農暦四月晦日。晴。日曜日。母と常磐線で土浦へ。普通列車のグリーン車で母と四方山話。何十年ぶりの土浦は駅前に大きな商業公共施設のビルが建ち駅舎も改築で開業したところ。駅前の大正五年創業の蒲焼きの老舗・小松屋は昔は外売りだけだつたが駅前の再開発で大通りの向かひ側に移転して今は店内でも食事出来、早めの昼餉。
国産天然のウナギは貴重。昭和40年頃の商店街地図懐かしく眺める。
土浦は霞ヶ浦に旧海軍航空隊があり軍人相手で料亭も多く桜町の廓街は戦後、風俗のメッカで今もソープランド多し。食後、駅から円タクで市郊外の蓮河原。コーヒーの店・ブラジルへ。

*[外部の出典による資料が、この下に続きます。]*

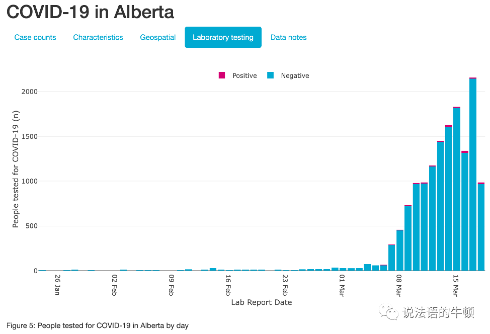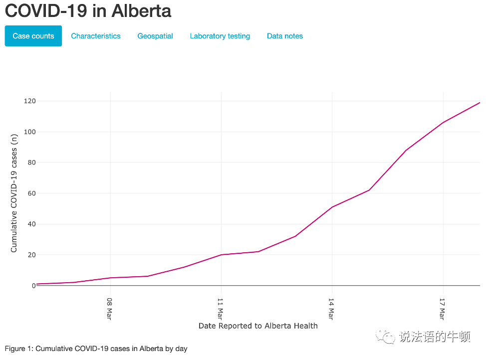今天,艾伯塔的省政府网站还新上线了一个COVID-19疫情数据可视化的网页:https://www.alberta.ca/covid-19-alberta-statistics.aspx,点击左下角阅读原文也可以打开。我看了下其他兄弟省份的省政府官网,我们艾伯塔好像是第一个实现数据可视化的省份,值得褒奖一下。

かつては市街の簡易裁判所近く、裏通の琴平通りにあつた?昭和44年だかに開業の珈琲店。平成の半ばに今のところに移られた由。市街のときは五坪ほどのカウンターだけの小さな店だつたが今の店に当時のメニュー看板などそのまゝで珈琲豆の容器まで同じ。
マスターは今年、米寿でも矍鑠としたもので喋り上手。容姿、仕草が大成駒のやう。昔語り。このブラジルにアタシを連れて来てくれた方も、いつもこゝに一緒に来た友人も共に鬼籍に入る。珈琲好きの母にはぜひこゝの珈琲を賞味したゞきたいと思つてゐたが母もとても美味しいといふ。銀座らんぶるの琺瑯製のポットは、この店でアタシが二十歳になる前に譲つていたゞいたもの。ランブル特製のポットは100か150個だかの限定で、その後は金属製になつたので琺瑯のものがどれだけ貴重か。かうした珈琲文化が後継なきこと寂しいかぎり。円タク呼んでもらひ土浦駅に戻り特急「ときわ」で水戸に戻る。母がかつて隣宅だつたI氏を郊外の高齢者施設に見舞ふので同行。卒寿で頭脳明晰。施設では日曜夕方で集会場所で懐メロのカラオケ大会中。部屋にまで煩い大音量はアタシなら難儀。自宅に母を送り駅南のファミレスでH君と旧交温める。スーパー銭湯に浸かり自宅で夕食。
このマスクメロン、四分の一もがっつり頬張つていゝのかと思ふが1個で1,000円もしないのだといふ。睡魔に襲はれ早寝。